DATASET EXCERPT:
※ ※ ※

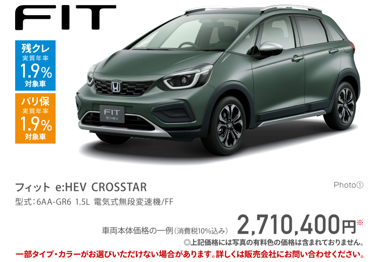 フィット Photo①:フィット e:HEV CROSSTAR(FF) ボディーカラーはボタニカルグリーン・パール(有料色:33,000円高)
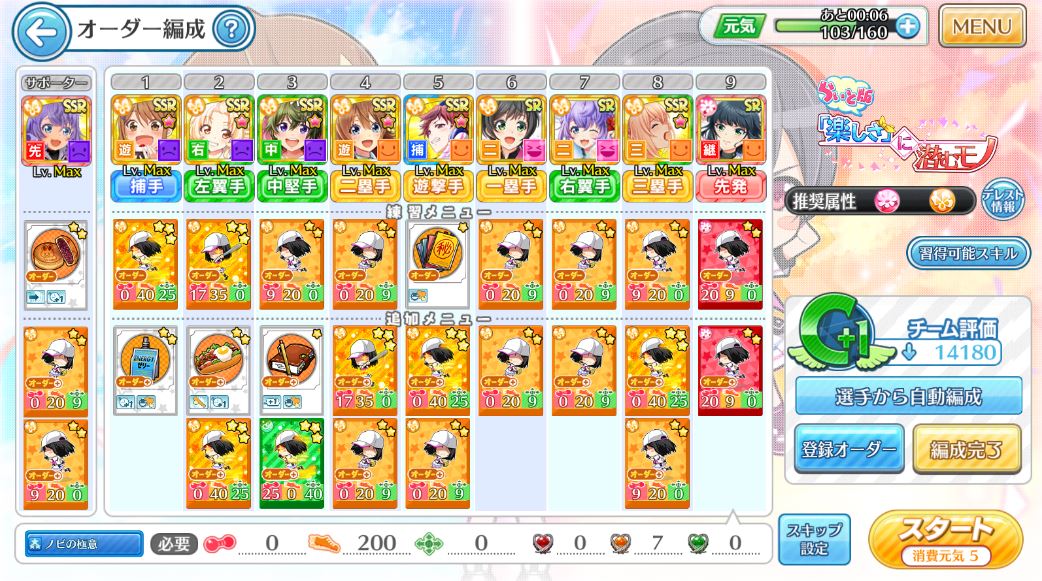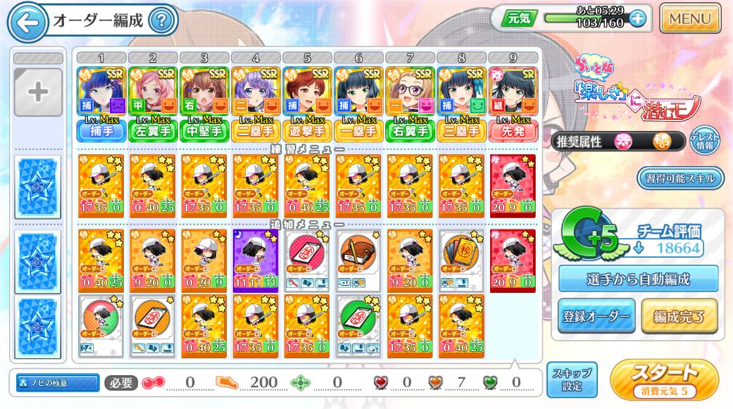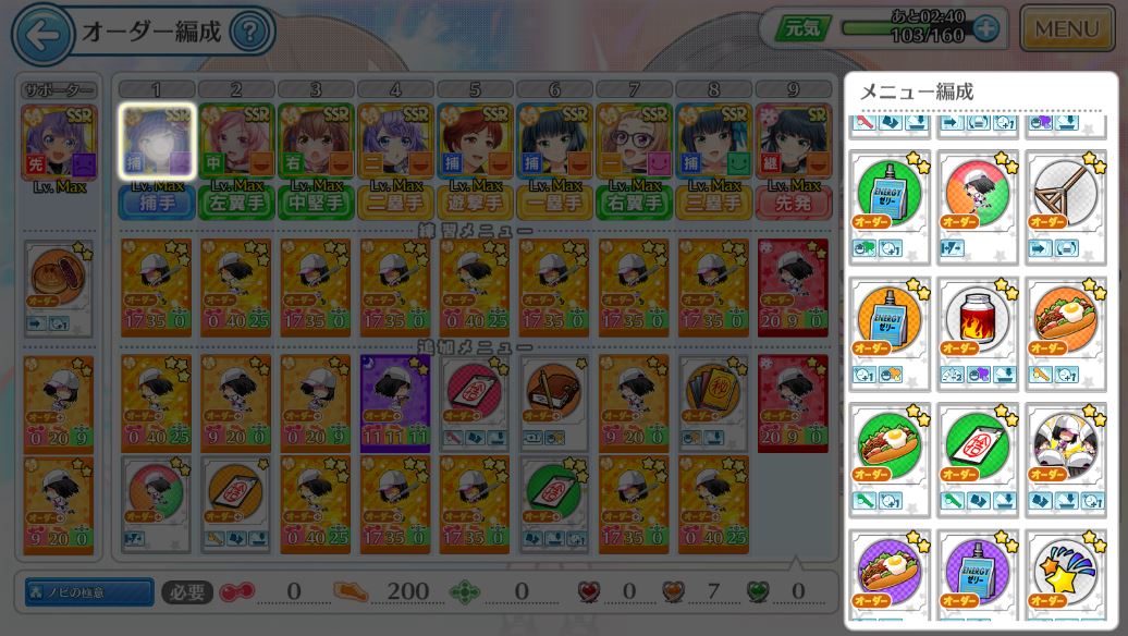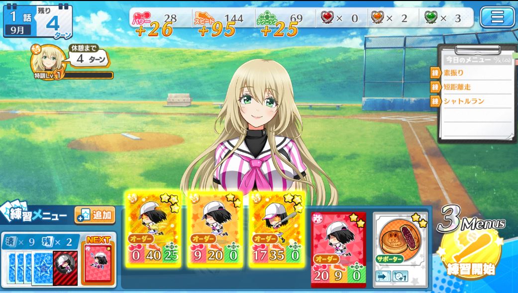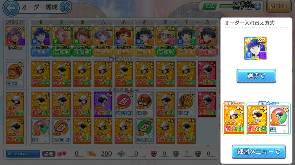 入れ替えたいキャラを選ぶとこんな感じの画面が出てくるので……「練習メニューで」のボタンを押します。
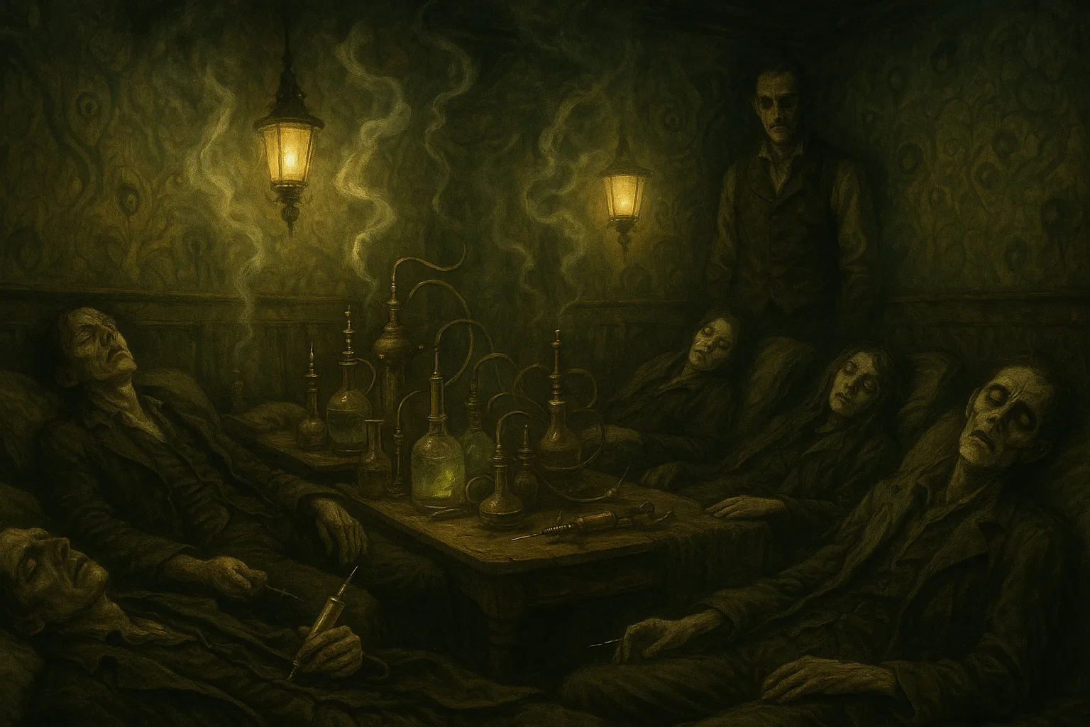 Some of the more paranoid agents of the Special Branch have even come to suspect that certain persons are deliberately adulterating the drugs found in the dens, with the intention of opening the dreamers' minds to entities from Beyond. These same anxious souls claim they do not much fear the ones who emerge as monsters or madmen - it is those who rise quietly, compose themselves, and disappear into the crowd who keep them awake at night.

※ ※ ※

WHAT IS BEING ASKED: Restate the material above word for word, so that nothing changes except that the pictures are gone.

TASK OUTPUT:
 フィット Photo①:フィット e:HEV CROSSTAR(FF) ボディーカラーはボタニカルグリーン・パール(有料色:33,000円高)
 入れ替えたいキャラを選ぶとこんな感じの画面が出てくるので……「練習メニューで」のボタンを押します。
 Some of the more paranoid agents of the Special Branch have even come to suspect that certain persons are deliberately adulterating the drugs found in the dens, with the intention of opening the dreamers' minds to entities from Beyond. These same anxious souls claim they do not much fear the ones who emerge as monsters or madmen - it is those who rise quietly, compose themselves, and disappear into the crowd who keep them awake at night.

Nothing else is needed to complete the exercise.